The market has been very unenthusiastic about the dollar in recent months, with traders anticipating that the currency’s decline in 2017 and in the opening weeks of 2018 would be sustained throughout this year, writes Oliver Mangan.
However, the dollar turned very stable over the spring. More recently, rising US yields have unnerved dollar traders, who have started to unwind some of their short positions. This has seen the dollar rising between 2.5% and 4% against a broad range of currencies over the past two weeks.
The extreme market positioning suggests there is a further unwinding of dollar short positions to come, especially in the context of 10-year US Treasury yields rising to 3%, a firming of market expectations in regard to Fed rate hikes, and signs of a loss of momentum in economies outside the US.
For now, then, with growth outside of the US underwhelming of late, it would seem that the dollar has regained the upper hand.
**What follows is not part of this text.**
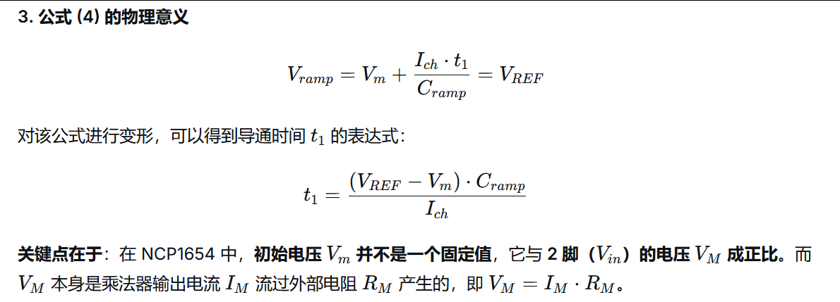 - 输入电压低或轻载时,VMVM 低,斜坡起点 VmVm 低,到达 VREFVREF 需要的时间更长,t1t1 变长。

This is impacting interest rate expectations. Markets have pushed back the date of the next hike in UK rates to August from May and also scaled back the amount of policy tightening they expect from the Bank of England.
Meanwhile, the ECB is taking a very cautious approach regarding any monetary tightening. Rates in the eurozone are not expected to start rising until the second half of next year, with much speculation also that the ECB could extend the timeframe for asset purchases under its QE programme beyond September.
Recent currency moves, though, are unlikely to signal that last year’s dollar decline is over. There are real concerns about the current policy mix in the US, with
fiscal policy being expanded at this late stage in the cycle when the unemployment rate is down near 4% and interest rates remain very low.
The rise in the US budget and balance of payments deficits from the expansionary policies are a long-term negative for the currency. Meanwhile, US growth will eventually slow on monetary tightening and as the fiscal stimulus fades.
The slowdown in growth outside the US also seems to be partly due to temporary factors such as the weather. Thus, the pace of activity could well strengthen again in Europe from the second quarter onwards, helping the euro and sterling. The momentum is behind the US currency, with more dollar traders likely getting squeezed out of their short positions.